# sparks in haunt???



## lodgeoffear (May 28, 2010)

We want sparks in the dungeon this year, what is the safest way to make sparks in haunt? Is a car battery the only way? Please help!
:d


----------



## joker (Sep 25, 2007)

DONT USE A BATTERY! Sparks and batteries aren't a good combination.

Check out this thread - http://www.hauntforum.com/showthread.php?t=21262&highlight=battery+charger

We used an older style battery charger last year and it worked great. This pic was taken of a couple of our actors with the lights on, was more impressive in the dark.

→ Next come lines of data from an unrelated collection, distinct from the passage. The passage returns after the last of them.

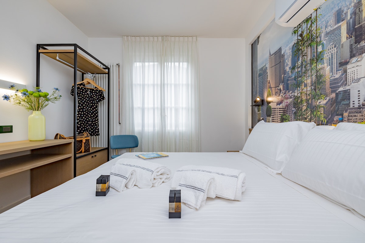 Camera Familiare. questo alloggio è pensato per ospitare fino a quattro ospiti. Famiglie, amici, coppie di amici. Su richiesta disponiamo di Culla per neonati. Gli animali domestici sono da accordare preventivamente. Parcheggi gratuiti e sorvegliati H24 nell'arco di 50/100 MT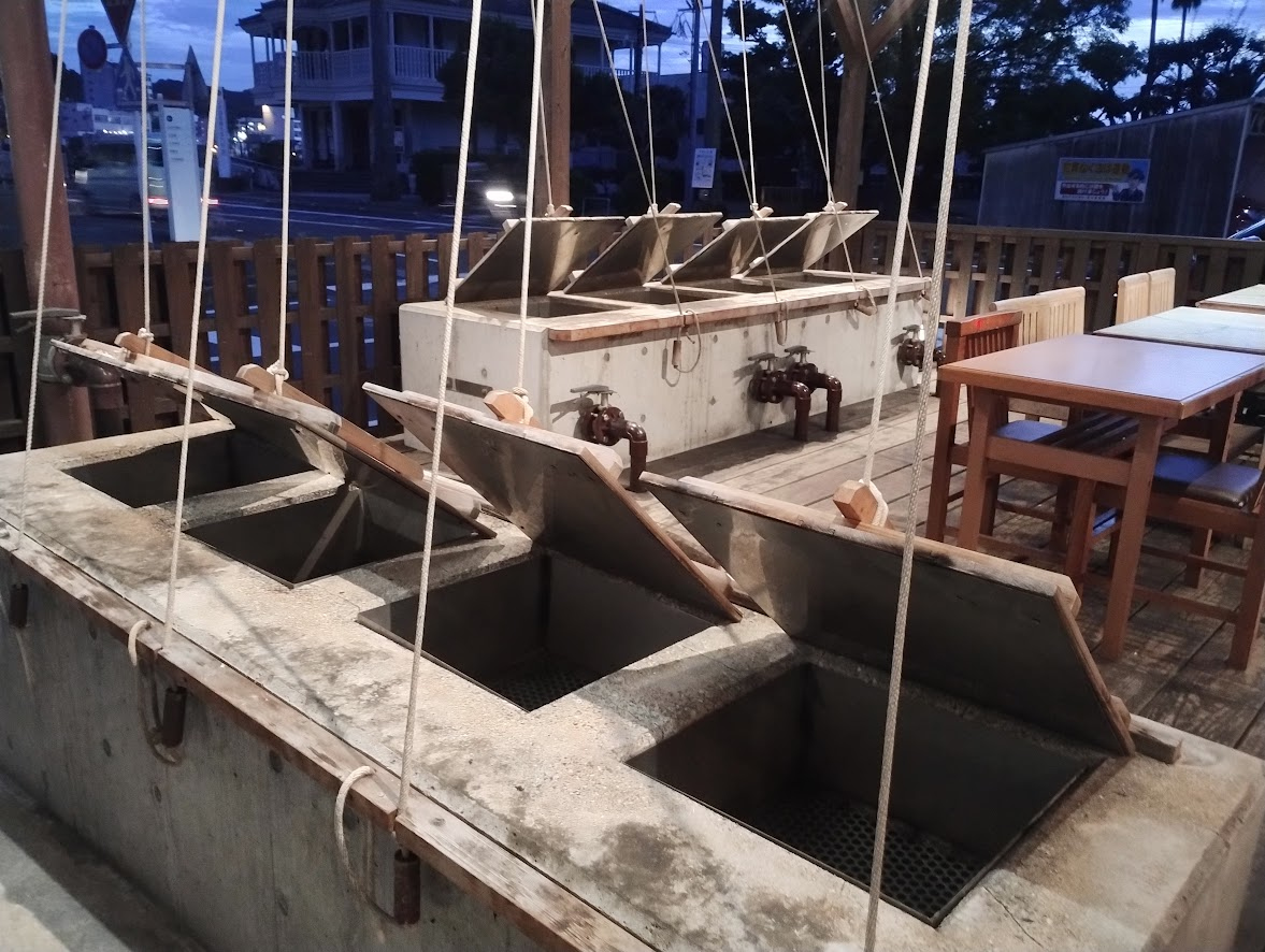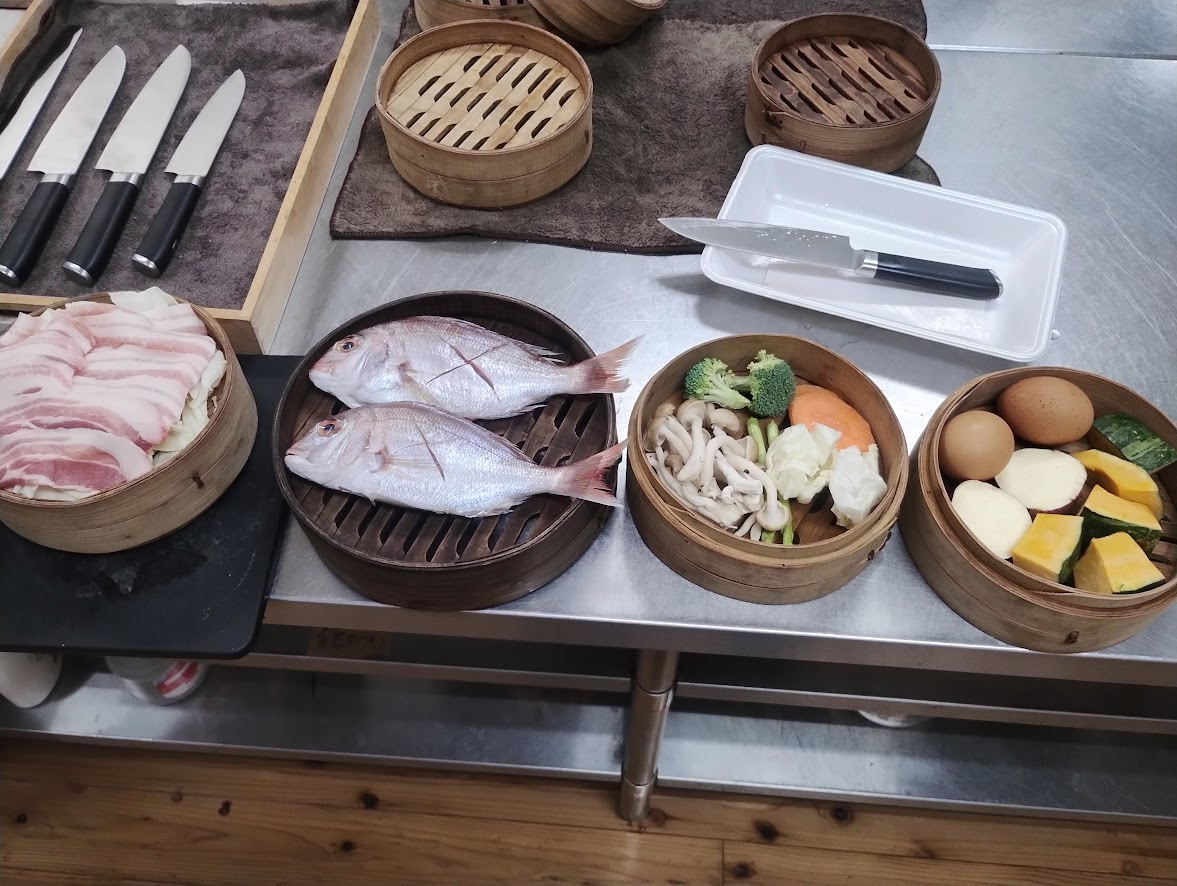 温泉量豊富な小浜温泉では、温泉の蒸気を使って蒸し窯料理が有名ですが、蒸気屋は蒸し窯を使ってセルフスタイルで食事が楽しめる宿です。宿泊プランは素泊まりで、朝夕食は蒸し窯で好みの食材を蒸して作ります。徒歩範囲にスーパーが2軒あるので、野菜、肉、魚を買っていろいろな料理が作れます。調味料、食器、調理道具はそろっています。蒸し窯で米も炊けます。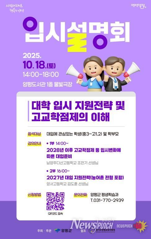 뉴스펀치 탁상훈 기자 | 양평군은 오는 10월 18일 오후 2시, 양평도서관 물빛극장에서 관내 학생과 학부모를 대상으로 ‘2025년 양평군 대학 입시설명회’를 개최한다고 밝혔다. 이번 설명회는 대학 입시에 관심 있는 학생과 학부모에게 다양한 입시 정보를 제공하기 위해 마련됐다.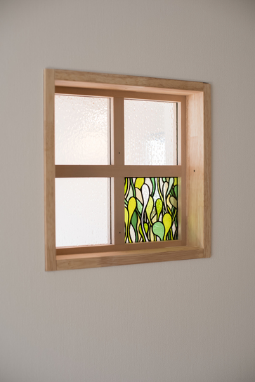 お施主様のご趣味のステンドグラス作品を取り入れた窓やドアをつくり、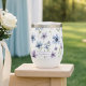 Stay refreshed and meadow calm with this personalized wine tumbler. The all-over watercolor purple wildflowers and sage stems pattern wraps these wine glasses, plus your first name is in an elegant script. Keeps drinks cool—leak-proof. Add a name in a few seconds—makes any gift or bridal party unforgettable.

I tried to shock myself with it and was unable to.:googly:


----------



## The Watcher (Sep 13, 2008)

Joker did you see any burn marks from the sparks on the floor are clothes? I have always been just as concerned with the sparks. I mean if you have a concrete floor that is one thing, but wood or dry ground.


----------



## joker (Sep 25, 2007)

We had concrete floors, but no burn marks on it or actors clothing. I seriously tried to create a hazard (before the haunt) to see if I should scrap this idea. I couldn't start a fire (didn't introduce an type of accelerant), create an explosion, shock myself or create any condition that led me to believe this was a bad idea.

One thing I we did and this was just to be safe, was that we added wire to the battery charger wire to one lengthen it, but so that we could also place the charger behind a wall where no actor or patron would be exposed to it in case something did happen with it. SAFETY FIRST!!


----------



## The Watcher (Sep 13, 2008)

Thanks Joker. I try to way the odds before I try and build anything. So far I have been able to come up with some great new ideas each year. But as with all things as you grow you have to expand or move. So Just trying to all the info I can about things I could see as a possible build.


----------



## corey872 (Jan 10, 2010)

Guess it depends on what type of sparks you want and how close people are going to be. I have a small 'gun' which strikes steel against a flint and puts out a pretty safe 6-8" shower of white sparks. That battery charger is pretty neat, still pretty safe. A neon sign transformer could make a pretty impressive Jacobs Ladder. The top rung in the ladder would be a Tesla coil - that could get you pretty easy 4-5 foot arcs:



















Though you definitely wouldn't want to have people in the immediate area of the Jacobs Ladder or Tesla Coil.


----------



## fritz42_male (May 5, 2009)

I'be built a couple of Jacob's Ladders (one based on a 12V Auto coil/Jaycar Kit & the other on a Neon Transformer). Now looking to play with a Tesla Coil - the ultimate Frankenstein's Lab!


----------



## tot13 (Jul 25, 2007)

corey872 said:


> Guess it depends on what type of sparks you want and how close people are going to be. I have a small 'gun' which strikes steel against a flint and puts out a pretty safe 6-8" shower of white sparks. That battery charger is pretty neat, still pretty safe. A neon sign transformer could make a pretty impressive Jacobs Ladder. The top rung in the ladder would be a Tesla coil - that could get you pretty easy 4-5 foot arcs:
> 
> 
> 
> ...


That is crazy! Do you have a how-to for this? It's probably over my head, but I would still enjoy reading it.


----------



## GhoulishGadgets (May 13, 2010)

Be very careful if playing with building tesla coils, very very careful if you're not 1000% happy with what you're doing/building.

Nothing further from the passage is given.